A colleague and I were recently trying to track down a recent unpublished order from the SCV the other day. We weren’t having much luck–we couldn’t find it on Virginia Lawyer’s Weekly, the SCOVA blog, or Steve Emmert’s website.
That sparked a discussion about the utility of issuing unpublished orders in the first place. I tend to believe that, if a case is worthy of SCV review, then it is worthy of a published opinion that counts as precedent–particularly when the Court needs more than a page to explain its reasoning, or when it decides a case over a dissent.
But I’ve never been a judge, and I haven’t spent much time thinking about the issue, so I could be persuaded otherwise.
What struck me the other day was, why publish opinions in hard copy at all?
It’s incredibly weird that we still go through the ritual of publishing opinions in case reporters, as if people still used books to find cases. Relatively few people have access to the Virginia Reports. Practically everybody has access to the internet, and professionals these days use LEXIS, Westlaw and (increasingly) google scholar.
To wit: look at the chump in this picture. He’s reading law books, and taking notes with a pen in a spiral bound notebook. Who does that?
Nobody, that’s who.
Wouldn’t it be cheaper and easier to finalize opinions and then post them on the Web, with some sort of generic citation? For old times sake, we could keep with volume numbers in the citation, or we could just do something like “2012 Va. 1.”
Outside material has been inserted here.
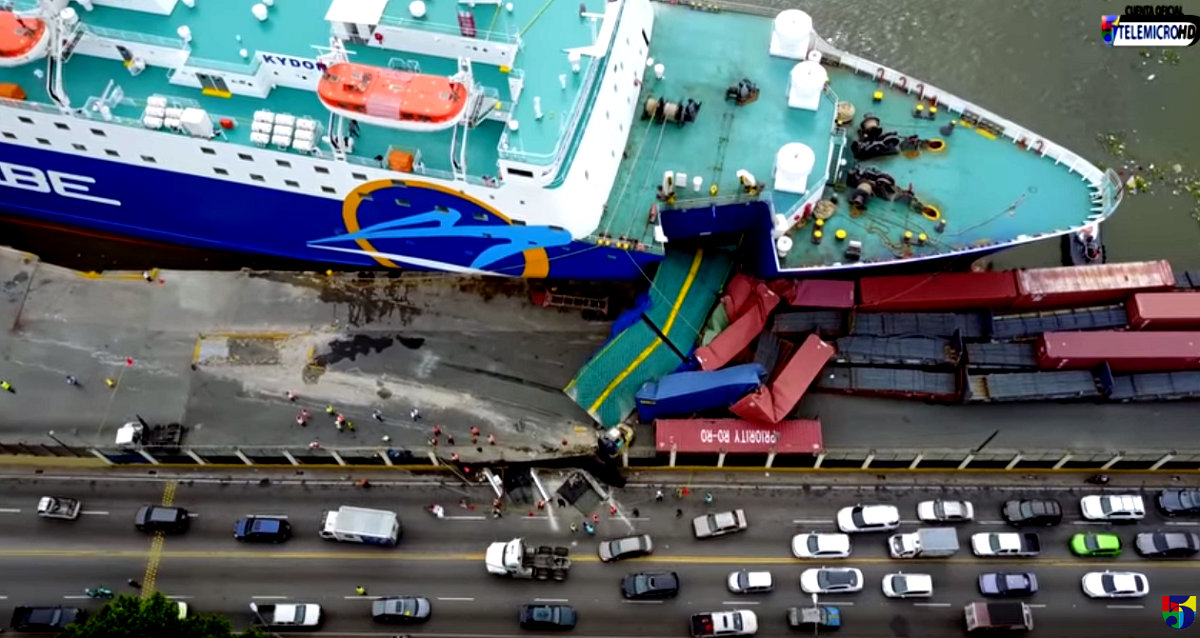 Duże szkody w karaibskim porcie po tym, jak prom uderzył w nabrzeże podczas cumowania.

Peter Martin recently wrote a thought-provoking piece on Arkansas’ efforts to do just that. Peter W. Martin, Abandoning Law Reports for Official Digital Case Law, 12 J. App. Prac. & Process 25 (2011).
And when I say “thought-provoking,” I mean that literally; it was Martin’s hard work that got me thinking about these issues in the first place, and I don’t make any claim to remotely original thought in this post–Arkansas has already put this into effect, for God’s sake.
At any rate, Martin’s article is thorough and well worth your time.
Right now, the SCV puts slip opinions up on the web. That is extraordinarily helpful and–from what I can tell–greatly appreciated by the bar. Imagine how easy it would be if the official “published” opinion followed shortly thereafter, on the web and freely available to all, in one central and easily searchable place?